Due to the fact that PlayN supports four different target platforms, a PlayN game project has a lot of moving parts. Fortunately, the Maven build system used by PlayN allows those parts to be cleanly separated and to stay out of your way until and unless you need them.
A PlayN game project consists of a top-level meta module and a number of different sub-modules. Here’s an outline of the structure of the Hello example project:
hello/pom.xml - main project Maven build file
/core - cross-platform game code
/assets - cross-platform game assets
/android - Android backend code and configuration
/html - HTML backend code and configuration
/java - desktop Java backend code and configuration
/robovm - iOS (RoboVM) backend code and configuration
The main cross-platform game code is in the core module. The cross-platform game assets are in
the assets module. Due to requirements of the Android and RoboVM builds, it is most convenient to
have the assets in a separate module rather than bundled with the core module. The remaining
modules deal with the various supported target platforms.

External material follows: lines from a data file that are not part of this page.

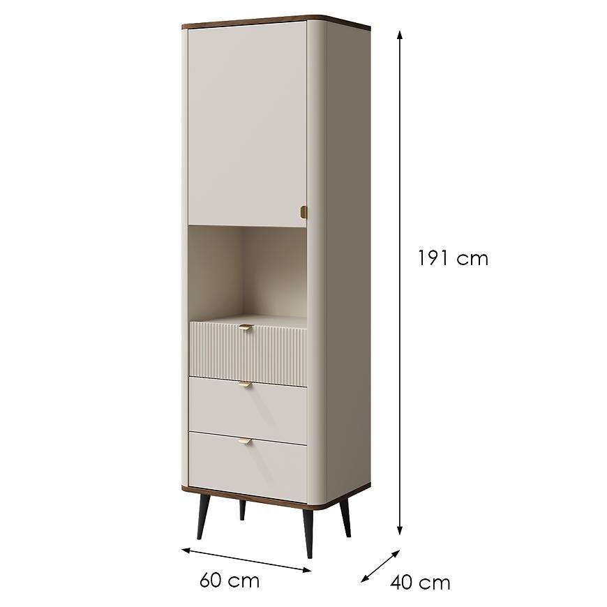Witryna została wykonana z trwałej płyty wiórowej laminowanej, co zapewnia jej odporność na codzienne użytkowanie. Korpus łączący płytę i metal dodaje konstrukcji stabilności oraz nowoczesnego charakteru. Mebel wyposażono w 2 praktyczne półki, 3 pojemne szuflady oraz jednodrzwiowe zamknięcie, co czyni go doskonałym miejscem do przechowywania książek, dekoracji czy zastawy stołowej.
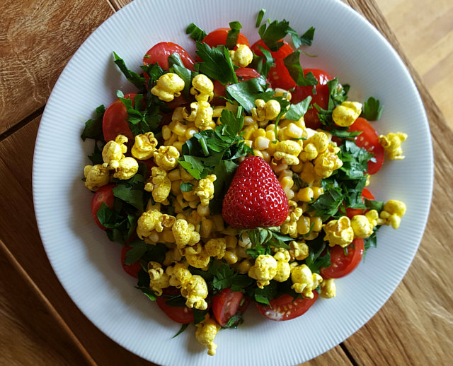 Tomaten-Mais-Salat mit Curry Popcorn.
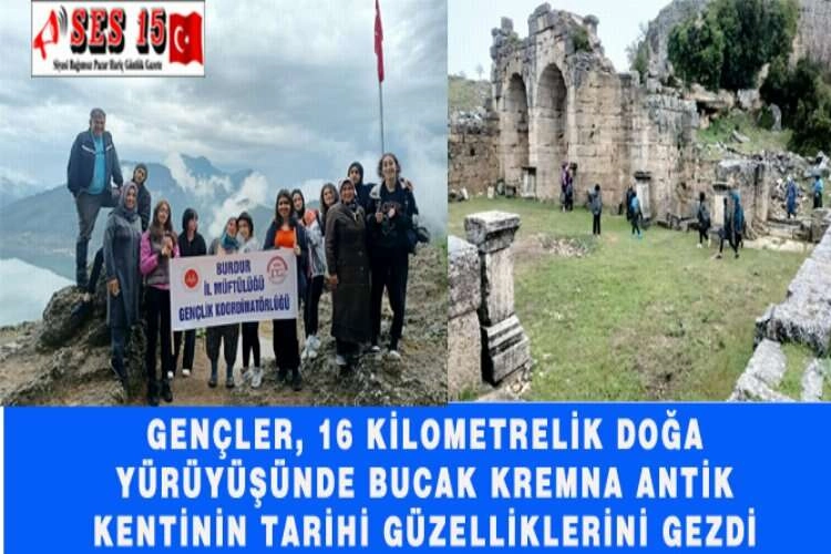 Burdur Diyanet Gençlik tarafından Bucak kent müzesi ziyareti ve Çamlık köyünde bulunan Kremna Antik Kentine doğa yürüyüşü trekking etkinliği gerçekleştirildi. Uçurumlar Vadisinden Şeytan Kayalıklarına uzanan 16 kilometrelik trekking etkinliği Patika Bucak doğa sporları ve Türkiye dağcılık Federasyonu
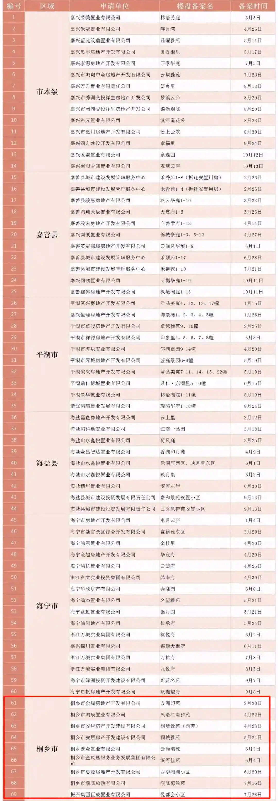 以下是嘉兴2025年新增签约备案楼盘汇总表,涉及桐乡共有9个楼盘签约备案,其中5个乡镇盘,2个安置房项目(桐城景苑、桐城雅苑)。剩余2个桐乡城区项目,分别为鸿翔凤语江南和巨成·悦都会。
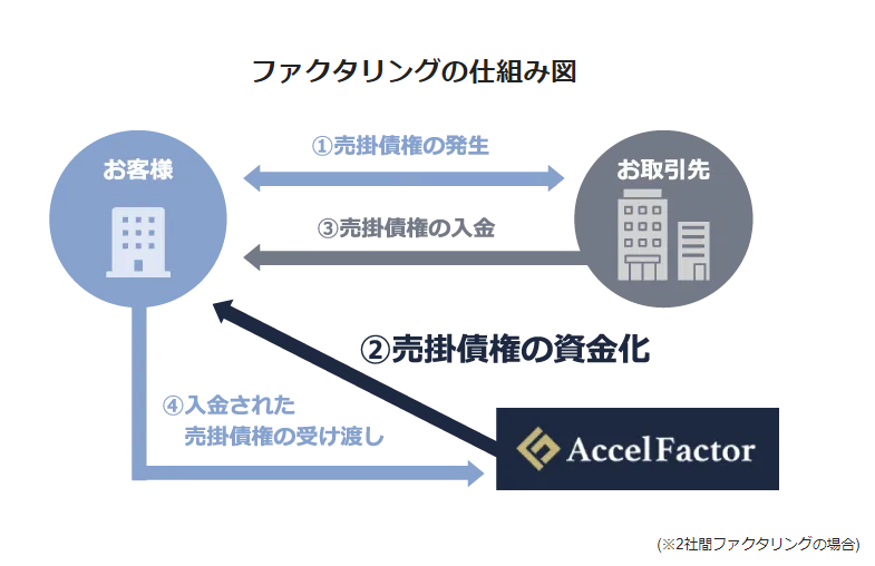 アクセルファクターは、企業が保有する売掛債権を買い取り、即座に現金化する資金調達で企業から信頼を得ています。ファクタリングは借入ではないため、企業のバランスシートに影響を与えずにキャッシュフローを改善することができます。このため、資金繰りが悪化した際にも企業の安定経営をサポートする強力な手段となるのです。

The assets module simply contains images, sounds and other non-code game assets. These are placed
into the assets/src/main/resources/assets/ directory and organized however you like. The Hello
project contains:
assets/pom.xml
assets/src/main/resources/assets/images/bg.png
assets/src/main/resources/assets/images/pea.png
The core module contains the game code. This is placed into the core/src/main/java/ directory
and organized like a normal Java project:
core/pom.xml
core/src/main/java/playn/sample/hello/core/HelloGame.java
Each module also contains a pom.xml Maven build file which contains build instructions and
configuration.
The PlayN sample games follow the Maven standard project layout, which places resources into
src/main/resources and code into src/main/java, but a game author is free to change that layout
if desired. This Stack Overflow question describes the process of customizing the directories in
which Maven looks for code and resources.
Note that even if you plan to build with an IDE, changing directories via the Maven configuration is a good idea because the IDE will usually read the Maven build configuration files to determine where to find code and resources in a Maven project. This also ensures that building from the command line continues to work properly.
The Java module contains just a single source file which bootstraps the game when running in the JVM:
java/pom.xml
java/src/main/java/playn/sample/hello/java/HelloGameJava.java
The Android module contains a number of Android-specific configuration files, a source file which
defines an Android Activity and which bootstraps the game on Android, and any Android-specific
media resources like the app icons.
android/AndroidManifest.xml
android/pom.xml
android/proguard.cfg
android/project.properties
android/res/drawable-hdpi/icon.png
android/res/drawable-ldpi/icon.png
android/res/drawable-mdpi/icon.png
android/res/values/strings.xml
android/src/main/java/playn/sample/hello/android/HelloGameActivity.java
The AndroidManifest.xml file is the main configuration for an Android app. You’ll want to
familiarize yourself with the Android manifest docs if you’ll be deploying to Android.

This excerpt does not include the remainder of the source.